🤖 AI Summary
In 5G and edge networks, federated learning faces unknown malicious attacks—including identity spoofing, backdoor injection, and label flipping—whose characteristics are often unavailable a priori. To address this, we propose a prior-free, dual-path robust defense mechanism: (1) geometric anomaly detection, which measures model update distances to identify outliers in real time; and (2) momentum-driven dynamic reputation tracking, which accumulates historical client behavior and adaptively penalizes malicious participants to enforce long-term deterrence. These components synergistically enable dynamic update filtering and sustained adversarial suppression. Ablation studies confirm their strong complementarity. Evaluated on a proprietary 5G dataset and NF-CSE-CIC-IDS2018, our method achieves global model accuracies of 98.66% and 96.60%, respectively—significantly outperforming state-of-the-art aggregation schemes including Krum, Trimmed Mean, and Bulyan.
📝 Abstract
Federated Learning (FL) in 5G and edge network environments face severe security threats from adversarial clients. Malicious participants can perform label flipping, inject backdoor triggers, or launch Sybil attacks to corrupt the global model. This paper introduces Hybrid Reputation Aggregation (HRA), a novel robust aggregation mechanism designed to defend against diverse adversarial behaviors in FL without prior knowledge of the attack type. HRA combines geometric anomaly detection with momentum-based reputation tracking of clients. In each round, it detects outlier model updates via distance-based geometric analysis while continuously updating a trust score for each client based on historical behavior.
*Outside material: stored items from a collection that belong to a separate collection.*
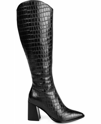 Boldly take on the new season with the Laila by Journee Signature. This knee-high boot features a stacked block heel and a 4mm tru comfort foam footbed for a comfortable lift. Genuine leather with a croc texture throughout and an pointed-toe perfect the design.
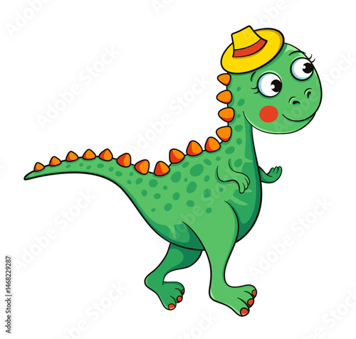 © Iuliia Shkliar, Obraz premium Trex Female Dinosaur Logo. Cute Female Mascot
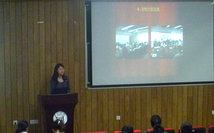 第16小组刘思勤作为学员代表,在会上从“从思想上入党、努力争取向党组织靠拢;重温党章,回顾建党90年来的伟大成就;热情投入实践活动、创先争优;继续努力、以党员的标准严格要求自己”4个方面交流了党校学习的收获与心得。
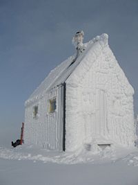 Chimney is prone to collecting rime and being blocked. This is likely to happen whenever the weather conditions dictate. If there's eight inches of ice feathers on the Hut when you arrive, the chimney is likely to be blocked. This occurred in the week up to Nov 21, 2009, when 3m of snow fell in 7 days. In past years the chimney has been cleared by climbing up onto the roof on a ladder and knocking the ice off, but this time it was not possible to get the ladder out from under the Hut, so the stovepipe was disconnected from the stove to allow the inside of the chimney pipe to be scraped out with skis.
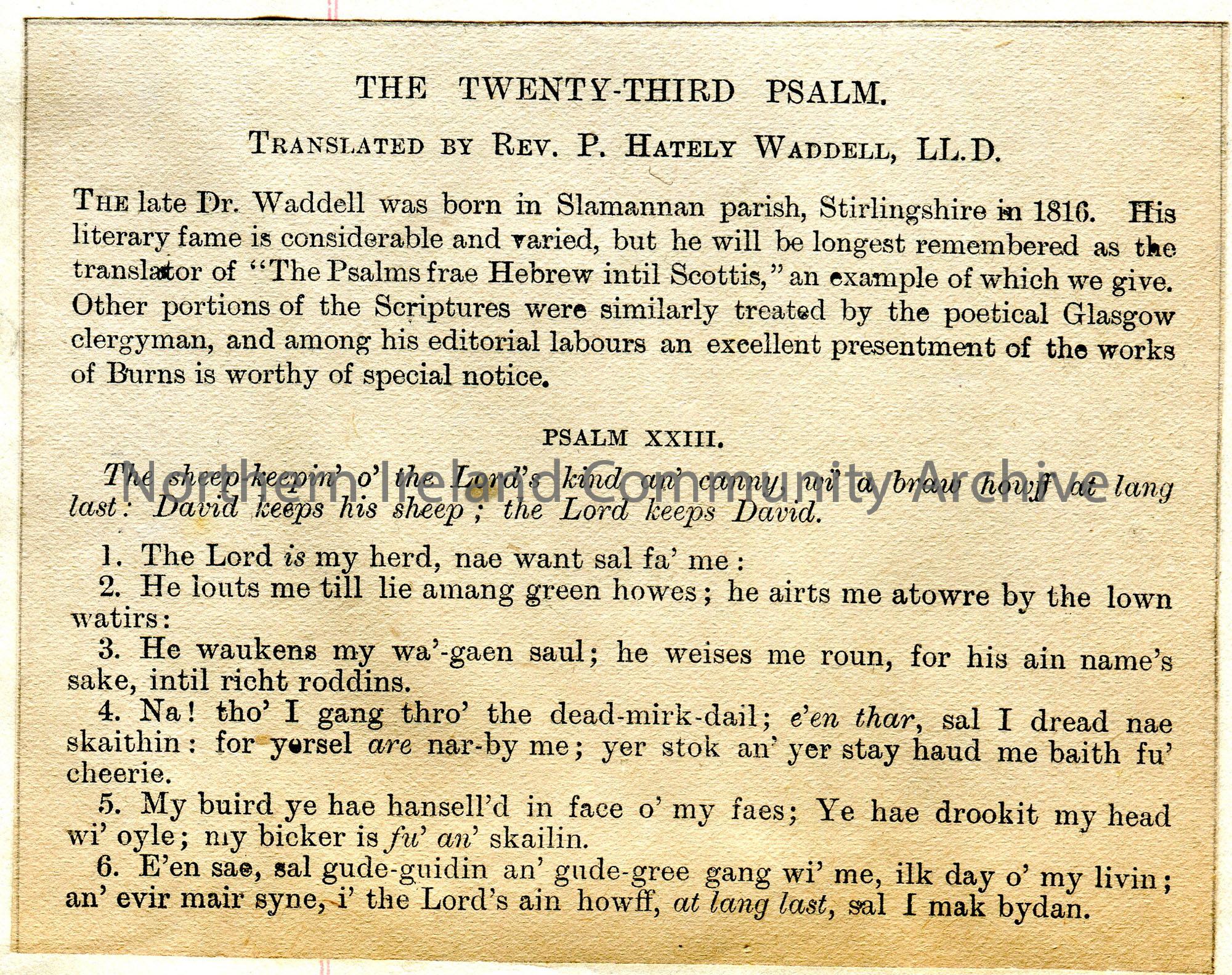 Article cut from a newspaper titled, ‘The Twenty-Third Psalm. Translated by Rev. P. Hately Waddell, LL.D.’
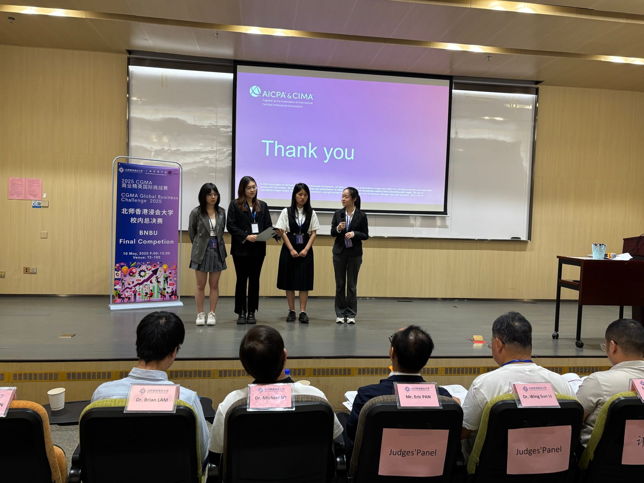 On the morning of May 10, 2025, the CGMA Global Business Challenge campus finals commenced at BNBU's T2-102 lecture theatre. Hosted by the Association of International Certified Professional Accountants (AICPA & CIMA), this prestigious global competition - marking BNBU's debut participation - has attracted considerable attention across campus since its launch in April. The Department of Accounting executed comprehensive preparations, including a special case analysis workshop conducted by Dr. Wingsun Li, former Chairman of CIMA North Asia. Faculty members from the Accounting Department served as advisors, offering comprehensive guidance to student teams throughout the competition. Their support covered every critical aspect—from structuring persuasive business reports to refining dynamic presentation skills—ensuring students were fully prepared to excel at every stage.
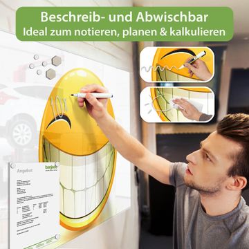 Jede Glas Magnettafel wird in unserer Werkstatt von Hand gefertigt und sorgfältig geprüft. So erhalten Sie ein echtes Qualitätsprodukt, das Funktion und Ästhetik perfekt vereint.?? Warum banjado?
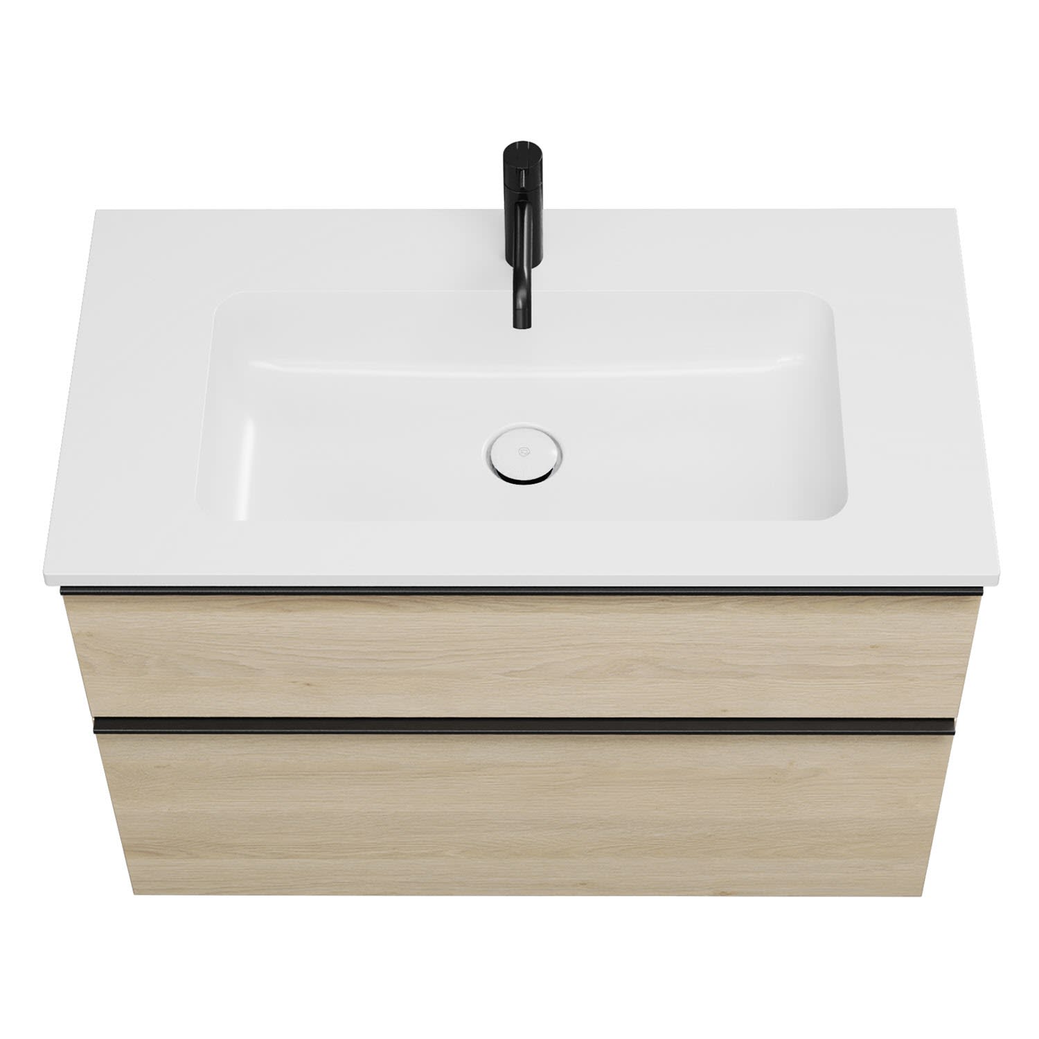 burgbad Eqio Waschtischkombination mit Mineralguss-Waschtisch, 92 cm, mit Griffleiste G0252

This hybrid approach enables adaptive filtering of suspicious updates and long-term penalization of unreliable clients, countering attacks ranging from backdoor insertions to random noise Byzantine failures. We evaluate HRA on a large-scale proprietary 5G network dataset (3M+ records) and the widely used NF-CSE-CIC-IDS2018 benchmark under diverse adversarial attack scenarios. Experimental results reveal that HRA achieves robust global model accuracy of up to 98.66% on the 5G dataset and 96.60% on NF-CSE-CIC-IDS2018, outperforming state-of-the-art aggregators such as Krum, Trimmed Mean, and Bulyan by significant margins. Our ablation studies further demonstrate that the full hybrid system achieves 98.66% accuracy, while the anomaly-only and reputation-only variants drop to 84.77% and 78.52%, respectively, validating the synergistic value of our dual-mechanism approach. This demonstrates HRA's enhanced resilience and robustness in 5G/edge federated learning deployments, even under significant adversarial conditions.